Performance and identification

Another complication for rhetorical listening arises in the ways that people perform and develop identities in online spaces. In Judith Butler’s concept of performativity, people do not have inherent “selves” or stable ontological positions; rather they continually (and in Butler’s formulation, compulsively) enact their identities through their actions [52].

One of the ways in which people may choose to perform these identities is through language [53]. Language itself becomes a performative act, and as online writing “remediates” or reorganizes existing writing practices for new cultural atmospheres [54], some linguists and media scholars claim that users shape their co-evolving online and off-line identities online through linguistic and extra-linguistic means (Barton and Lee, 2013; boyd, 2007). However, as social media is multimodal, identity performance is not limited to just language, but extends to pictures and popular culture references as well (Williams, 2008).

As such, another way in which social media users can listen (or not listen) online is to these identity performances. Since González self-identified as a queer woman, her marginalized identifications were more central to the attacks on her (Reilly, 2018).

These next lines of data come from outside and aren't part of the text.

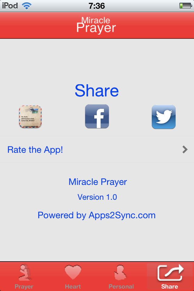 You can share this app with your friends through Facebook, Twitter and email to people who are really in need of prayers or if you are interested to share only a particular prayer which may be of interest to your contact you can do it individually.
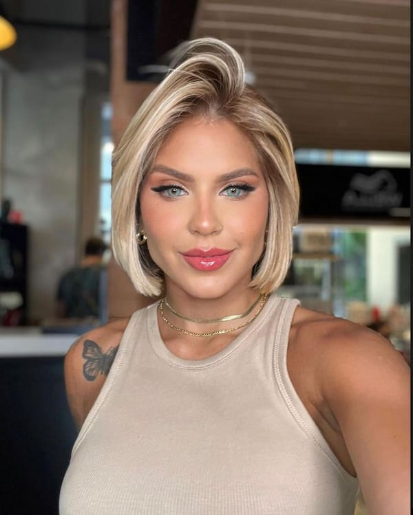 For a more casual alternative, a loosened fringe gives the pixie bob a relaxed, playful vibe. While not as precise as a fully smoothed fringe, this style offers a carefree elegance that is easy to maintain. The slightly tousled effect adds texture, making the haircut adaptable to both formal and informal settings, while blonde highlights enhance dimension and brightness.
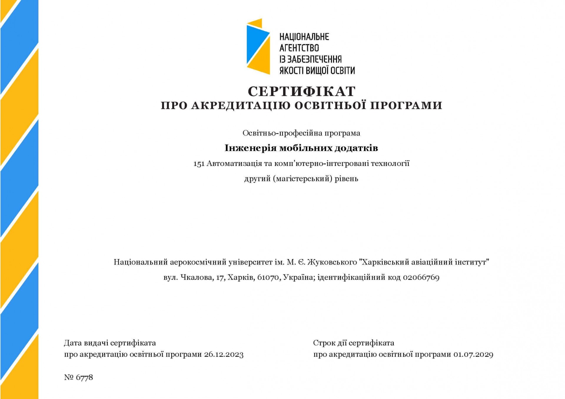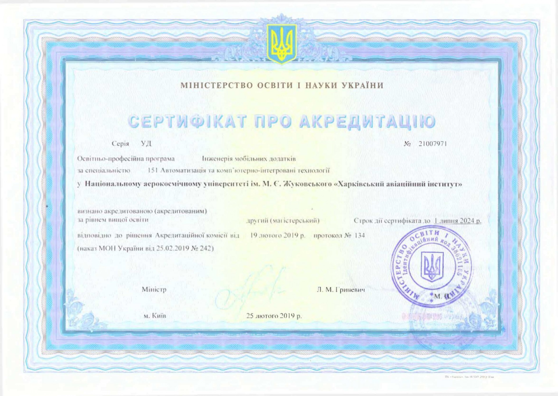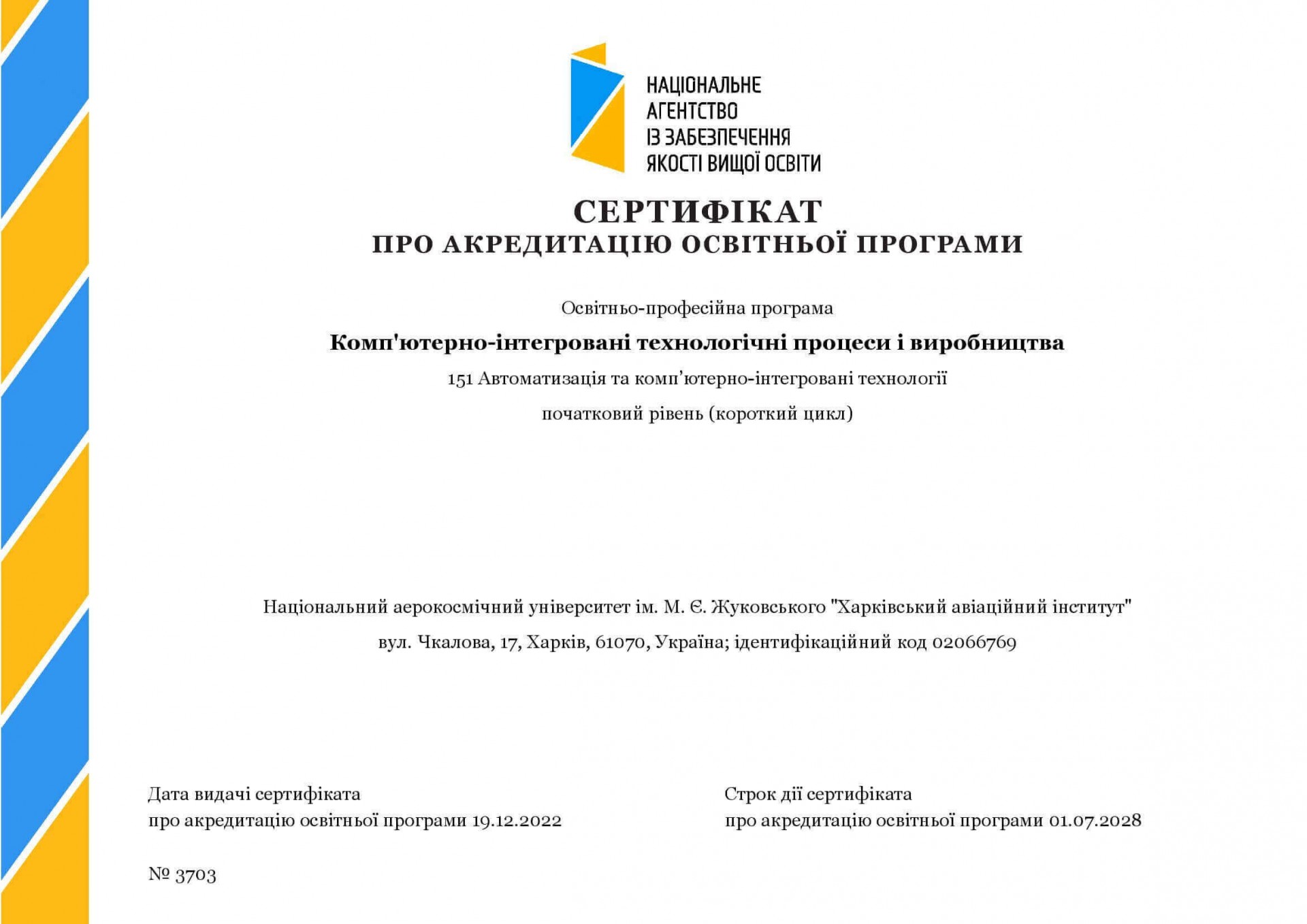 Термін дії сертифікатів про акредитацію спеціальностей/сертифікатів про акредитацію освітніх програм продовжено до 01.06.2026 р. відповідно до пункту 1 Постанови Кабінету Міністрів України «Про особливості акредитації освітніх програм, за якими здійснюють підготовку здобувачі вищої освіти, в умовах воєнного стану» від 16 березня 2022 р. № 295.

Additionally, as the manipulated image of González showed her performing an act that she did not actually perform, González’s case points to how digital technologies complicate listening to performances.

Though Baldwin claimed that his retweet was satire, Tandoc, et al. (2018) define satire as something which mocks news programs through obvious over-exaggeration of real events [55]. Similarly, parody mocks mainstream news with clearly false stories [56]. In their formulation, audiences know that the story is false or over-exaggerated [57]. Since the apocryphal nature of the image should be apparent to the audience to be classified as satire or parody and there is nothing to indicate that the image is false in the tweet itself, the tweet is not satire or parody, despite Baldwin’s claim.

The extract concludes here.